• DATASET CONTENT

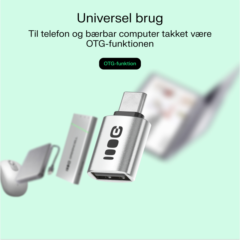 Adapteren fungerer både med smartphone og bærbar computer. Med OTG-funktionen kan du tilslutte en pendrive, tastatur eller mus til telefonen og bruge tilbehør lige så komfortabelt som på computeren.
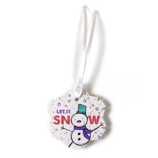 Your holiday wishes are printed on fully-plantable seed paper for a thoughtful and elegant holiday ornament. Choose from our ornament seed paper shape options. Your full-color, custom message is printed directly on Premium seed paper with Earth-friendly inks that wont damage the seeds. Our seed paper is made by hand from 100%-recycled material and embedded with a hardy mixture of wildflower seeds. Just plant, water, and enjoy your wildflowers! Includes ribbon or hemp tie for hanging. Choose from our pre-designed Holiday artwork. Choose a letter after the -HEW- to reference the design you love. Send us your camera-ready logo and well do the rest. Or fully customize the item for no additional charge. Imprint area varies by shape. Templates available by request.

* * *

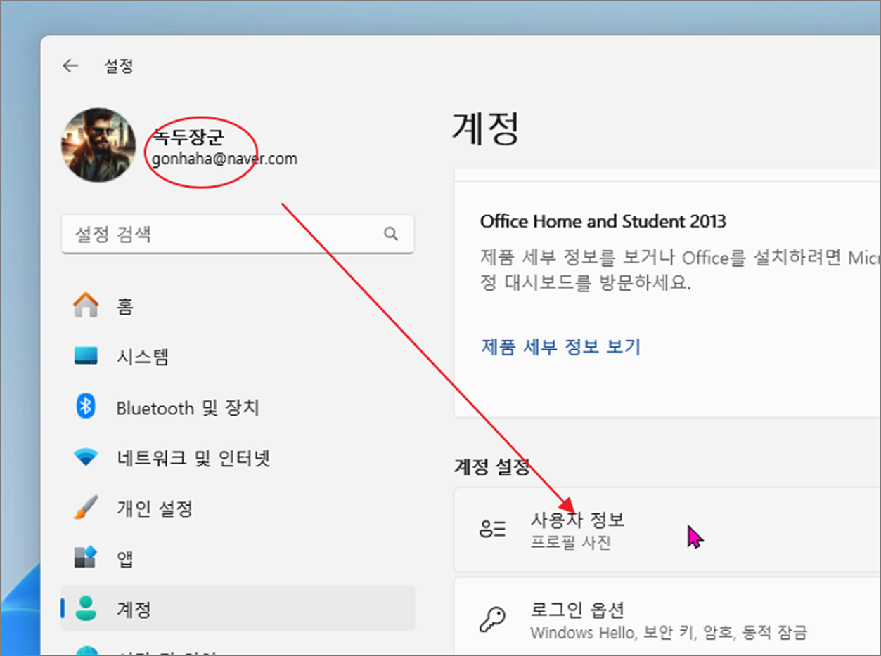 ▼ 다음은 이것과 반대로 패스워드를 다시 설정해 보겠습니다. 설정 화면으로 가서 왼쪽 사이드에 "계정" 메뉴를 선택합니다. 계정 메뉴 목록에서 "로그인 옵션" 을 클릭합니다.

• TASK STATEMENT
Please copy the lines above exactly, starting at the line that holds "Adapteren fungerer både" and ending at the line that holds "Your holiday wishes"; include both, but no pictures.

• RESULT BELOW
 Adapteren fungerer både med smartphone og bærbar computer. Med OTG-funktionen kan du tilslutte en pendrive, tastatur eller mus til telefonen og bruge tilbehør lige så komfortabelt som på computeren.
 Your holiday wishes are printed on fully-plantable seed paper for a thoughtful and elegant holiday ornament. Choose from our ornament seed paper shape options. Your full-color, custom message is printed directly on Premium seed paper with Earth-friendly inks that wont damage the seeds. Our seed paper is made by hand from 100%-recycled material and embedded with a hardy mixture of wildflower seeds. Just plant, water, and enjoy your wildflowers! Includes ribbon or hemp tie for hanging. Choose from our pre-designed Holiday artwork. Choose a letter after the -HEW- to reference the design you love. Send us your camera-ready logo and well do the rest. Or fully customize the item for no additional charge. Imprint area varies by shape. Templates available by request.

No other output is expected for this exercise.